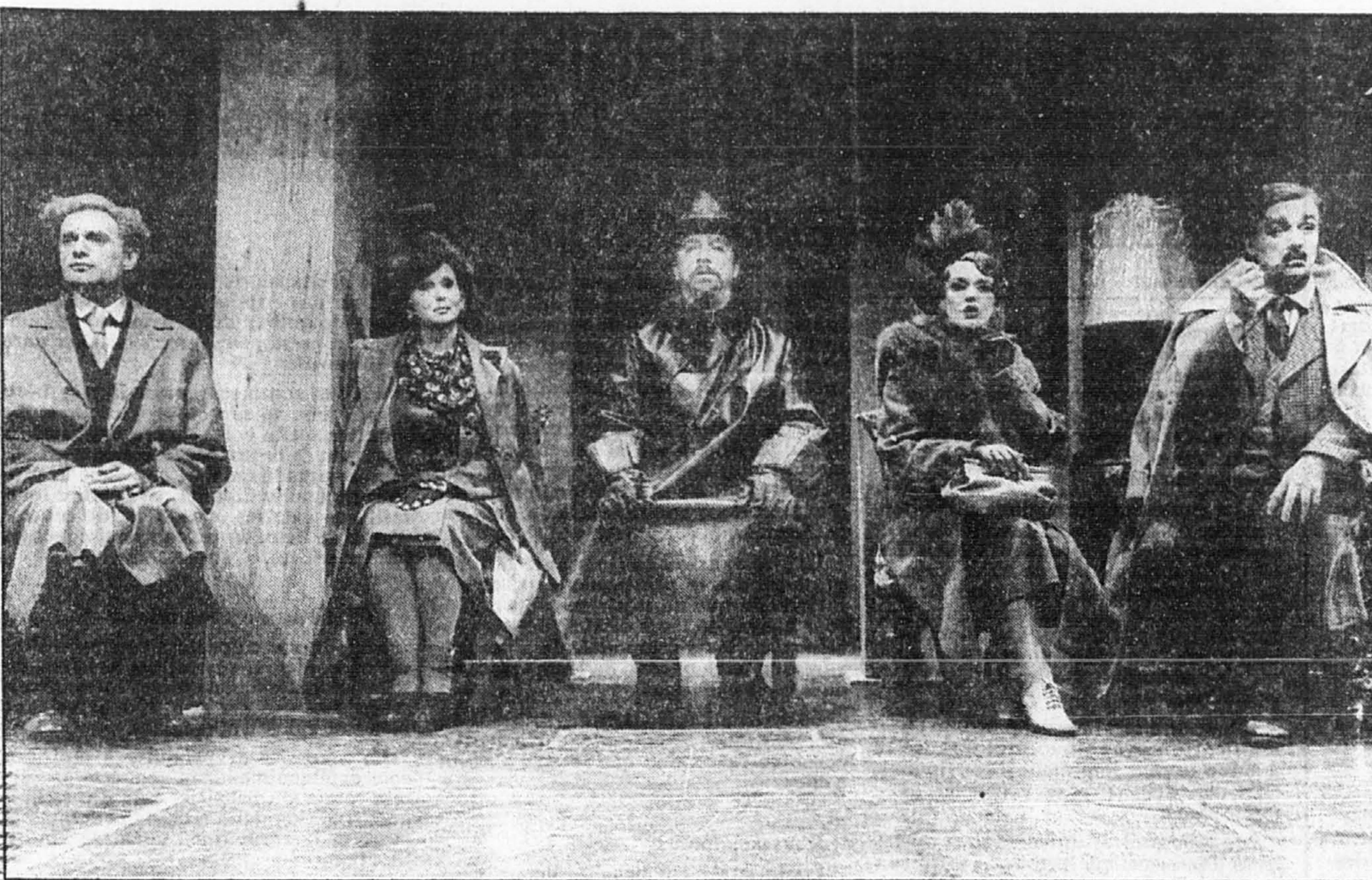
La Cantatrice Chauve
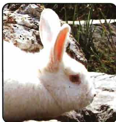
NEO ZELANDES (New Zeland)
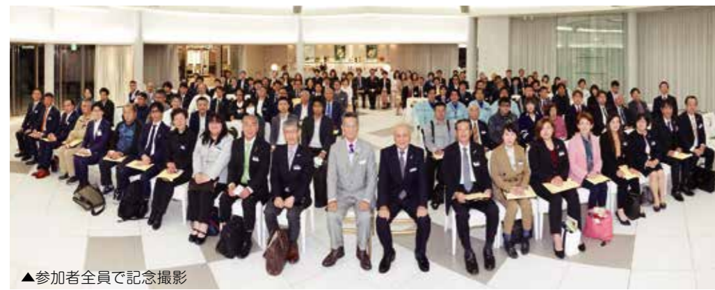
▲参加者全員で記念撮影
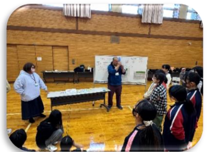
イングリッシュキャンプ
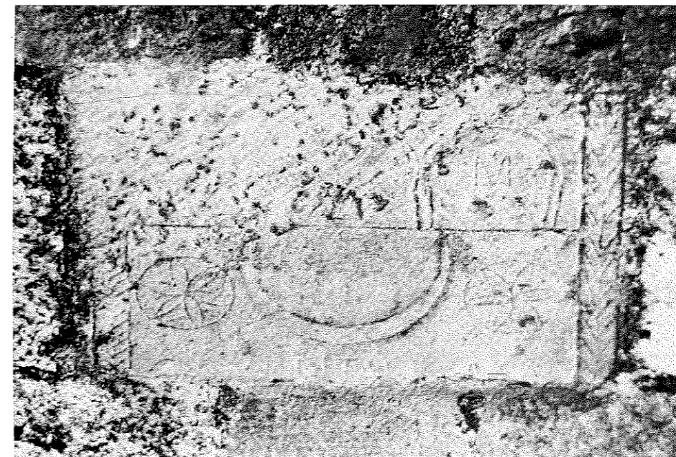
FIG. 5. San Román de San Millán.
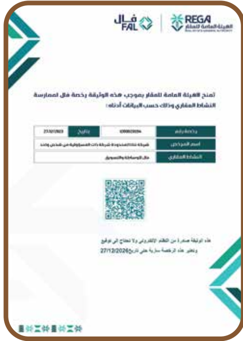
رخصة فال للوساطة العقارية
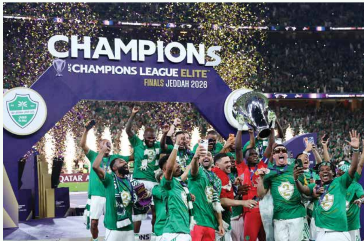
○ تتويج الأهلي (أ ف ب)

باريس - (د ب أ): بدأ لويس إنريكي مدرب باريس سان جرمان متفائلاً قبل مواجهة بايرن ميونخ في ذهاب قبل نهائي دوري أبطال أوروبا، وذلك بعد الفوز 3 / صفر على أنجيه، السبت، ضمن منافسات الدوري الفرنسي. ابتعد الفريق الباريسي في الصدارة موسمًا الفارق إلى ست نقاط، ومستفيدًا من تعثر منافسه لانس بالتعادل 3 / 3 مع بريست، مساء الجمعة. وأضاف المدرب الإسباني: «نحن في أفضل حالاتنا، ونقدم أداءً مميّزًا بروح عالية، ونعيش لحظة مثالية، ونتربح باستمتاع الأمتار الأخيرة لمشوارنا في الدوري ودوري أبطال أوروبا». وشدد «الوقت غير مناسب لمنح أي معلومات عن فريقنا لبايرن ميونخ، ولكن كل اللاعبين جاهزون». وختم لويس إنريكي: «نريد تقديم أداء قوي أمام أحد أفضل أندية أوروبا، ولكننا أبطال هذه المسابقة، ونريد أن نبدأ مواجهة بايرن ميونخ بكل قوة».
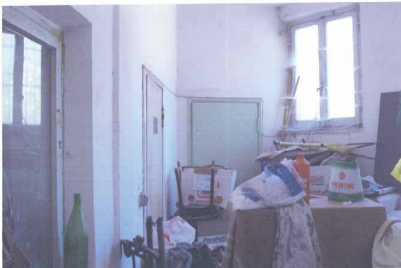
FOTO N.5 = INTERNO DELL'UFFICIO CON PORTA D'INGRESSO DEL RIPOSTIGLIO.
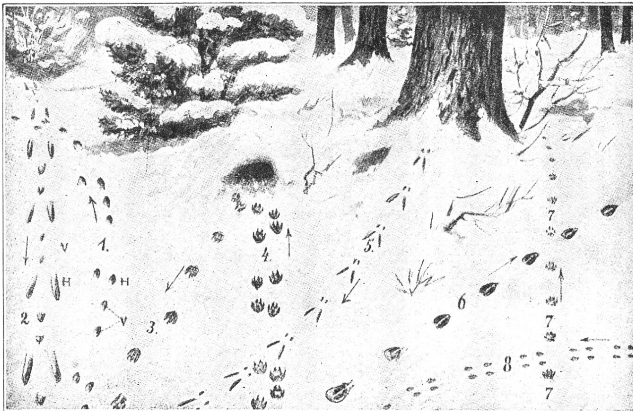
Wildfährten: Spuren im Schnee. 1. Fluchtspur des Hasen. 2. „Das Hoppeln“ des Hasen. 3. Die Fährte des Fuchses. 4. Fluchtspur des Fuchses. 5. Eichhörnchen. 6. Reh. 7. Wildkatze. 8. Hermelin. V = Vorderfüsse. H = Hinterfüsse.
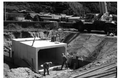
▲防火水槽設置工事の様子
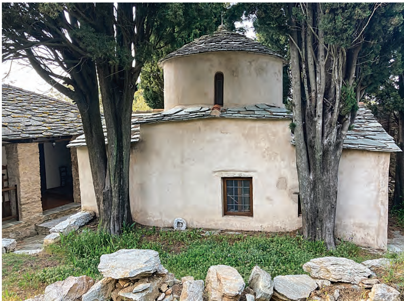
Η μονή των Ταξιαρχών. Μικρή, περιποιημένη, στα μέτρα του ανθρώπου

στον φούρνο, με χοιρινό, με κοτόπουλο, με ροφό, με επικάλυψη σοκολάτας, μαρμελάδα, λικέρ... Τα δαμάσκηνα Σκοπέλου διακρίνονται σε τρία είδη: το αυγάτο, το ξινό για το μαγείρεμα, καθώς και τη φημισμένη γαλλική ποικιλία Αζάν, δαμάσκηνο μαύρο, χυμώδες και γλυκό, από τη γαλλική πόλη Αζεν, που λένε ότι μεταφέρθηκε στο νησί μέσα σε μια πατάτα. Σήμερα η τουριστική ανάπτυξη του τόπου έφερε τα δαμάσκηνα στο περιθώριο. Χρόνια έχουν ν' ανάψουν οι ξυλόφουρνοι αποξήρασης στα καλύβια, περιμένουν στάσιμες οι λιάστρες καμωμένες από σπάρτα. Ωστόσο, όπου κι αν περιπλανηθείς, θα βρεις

## WORK REQUIRED
Nothing but the lines from the start of the records above through the line with "Η μονή των Ταξιαρχών." should be retyped, each exactly as written; leave out all pictures.

## OUTPUT OF THE TASK
La Cantatrice Chauve
NEO ZELANDES (New Zeland)
▲参加者全員で記念撮影
イングリッシュキャンプ
FIG. 5. San Román de San Millán.
رخصة فال للوساطة العقارية
○ تتويج الأهلي (أ ف ب)

باريس - (د ب أ): بدأ لويس إنريكي مدرب باريس سان جرمان متفائلاً قبل مواجهة بايرن ميونخ في ذهاب قبل نهائي دوري أبطال أوروبا، وذلك بعد الفوز 3 / صفر على أنجيه، السبت، ضمن منافسات الدوري الفرنسي. ابتعد الفريق الباريسي في الصدارة موسمًا الفارق إلى ست نقاط، ومستفيدًا من تعثر منافسه لانس بالتعادل 3 / 3 مع بريست، مساء الجمعة. وأضاف المدرب الإسباني: «نحن في أفضل حالاتنا، ونقدم أداءً مميّزًا بروح عالية، ونعيش لحظة مثالية، ونتربح باستمتاع الأمتار الأخيرة لمشوارنا في الدوري ودوري أبطال أوروبا». وشدد «الوقت غير مناسب لمنح أي معلومات عن فريقنا لبايرن ميونخ، ولكن كل اللاعبين جاهزون». وختم لويس إنريكي: «نريد تقديم أداء قوي أمام أحد أفضل أندية أوروبا، ولكننا أبطال هذه المسابقة، ونريد أن نبدأ مواجهة بايرن ميونخ بكل قوة».
FOTO N.5 = INTERNO DELL'UFFICIO CON PORTA D'INGRESSO DEL RIPOSTIGLIO.
Wildfährten: Spuren im Schnee. 1. Fluchtspur des Hasen. 2. „Das Hoppeln“ des Hasen. 3. Die Fährte des Fuchses. 4. Fluchtspur des Fuchses. 5. Eichhörnchen. 6. Reh. 7. Wildkatze. 8. Hermelin. V = Vorderfüsse. H = Hinterfüsse.
▲防火水槽設置工事の様子
Η μονή των Ταξιαρχών. Μικρή, περιποιημένη, στα μέτρα του ανθρώπου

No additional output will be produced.